If the narrative of a book is formed to reflect the protagonist's perception of the world, then we can see how the introduction of stream of consciousness into literature reflects the writer's aim to return to the very basic roots of the way we experience. Loosely defined as being the written equivalent of the character's thought processes, the stream of consciousness narrative style comes to mimic the way humans think and verbally respond to external stimuli. It toys with the idea that humans do not think in a linear manner as previously suggested by the straightforward narrative development of previous novels, but that instead we are subject to the endless repetitions, developments, retractions and hesitations which occur in our minds.
I first came across this when reading Virginia Woolf, whose novels play with the blurry boundary between past and present, the pain and pleasure of nostalgia. Yet we see how, essentially, her subject matter is language itself, and the way in which we strive to find a narrative in our lives in order to impose a certain comprehensible order upon it.
As she writes in 'The Waves':
“Let us again pretend that life is a solid substance, shaped like a globe, which we turn about in our fingers. Let us pretend that we can make out a plain and logical story, so that when one matter is despatched—love for instance—we go on, in an orderly manner, to the next. ”

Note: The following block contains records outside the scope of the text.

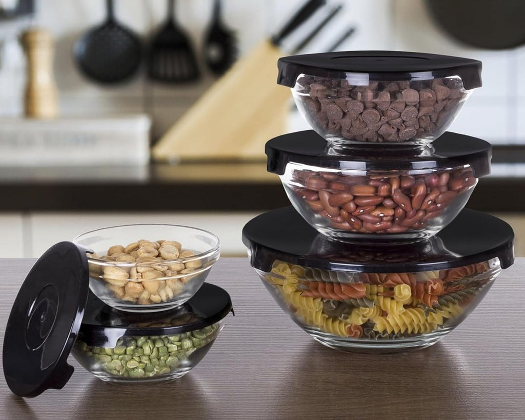 Renove sua cozinha com o Conjunto de Tigelas Bowls de Vidro com tampa na elegante cor preta. Este conjunto é composto por uma variedade de tamanhos, atendendo às suas diferentes necessidades de armazenamento e preparação de alimentos.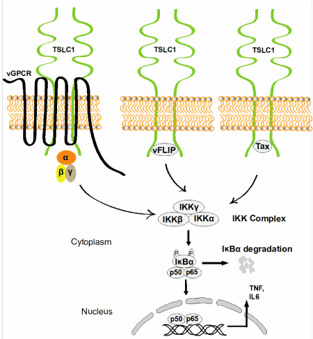 Figure 1. Chronic NF-κB activation by KSHV and HTLV-1 oncogenes. TSLC1 localized at the plasma membrane mediates viral oncogene (vGPCR, vFLIP, and Tax)-induced chronic activation of NF-κB (p50/p65) and inflammation in KSHV and HTLV-1 infected cells.
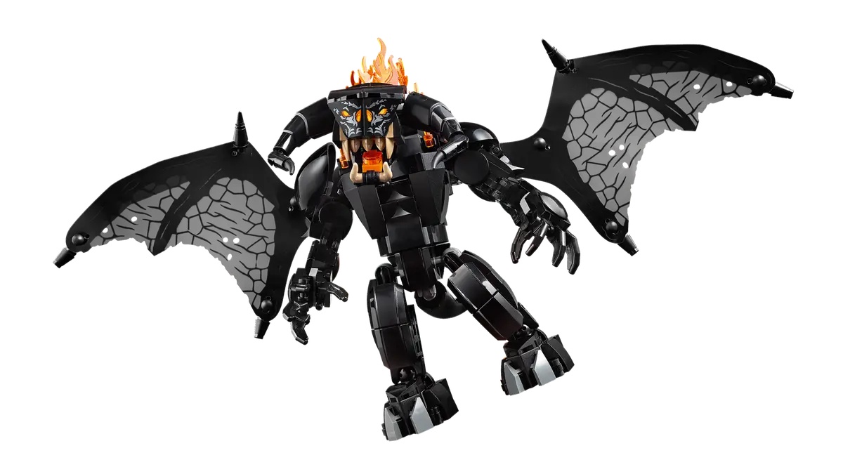 Bearing a plaque with the words ‘You Shall Not Pass’, the model depicts Gandalf the Grey™ in a fearless stance and the Balrog with its mighty wings unfurled against a blazing wall of flames. Both characters are detachable and the Gandalf minifigure has a staff and sword, while the Balrog figure wields a fiery whip and features posable limbs and wings for dynamic display.

For life to be something that we can take hold of and control, we must be able to examine it and thus order it into a 'plain and logical story'. Stories become symbolic of order, as it is through telling stories that we have the ability to neatly arrange complex matters ('love for instance') in a way that lets us understand it. Yet it proves increasingly difficult to do so, as the aim to find the one 'true story' becomes increasingly obscure. With a vocabulary that hints at its religious undertones (considering how many live a life which follows the 'one story' found in a religious text), Woolf writes:
“I have made up thousands of stories; I have filled innumerable notebooks with phrases to be used when I have found the true story, the one story to which all these phrases refer. But I have never yet found the story. And I begin to ask, Are there stories?”
Instead, we see how everything is subject to external perception:
“I am made and remade continually. Different people draw different words from me.”
for each individual has the ability to 'draw' different meanings from what they experience.
~ M. D.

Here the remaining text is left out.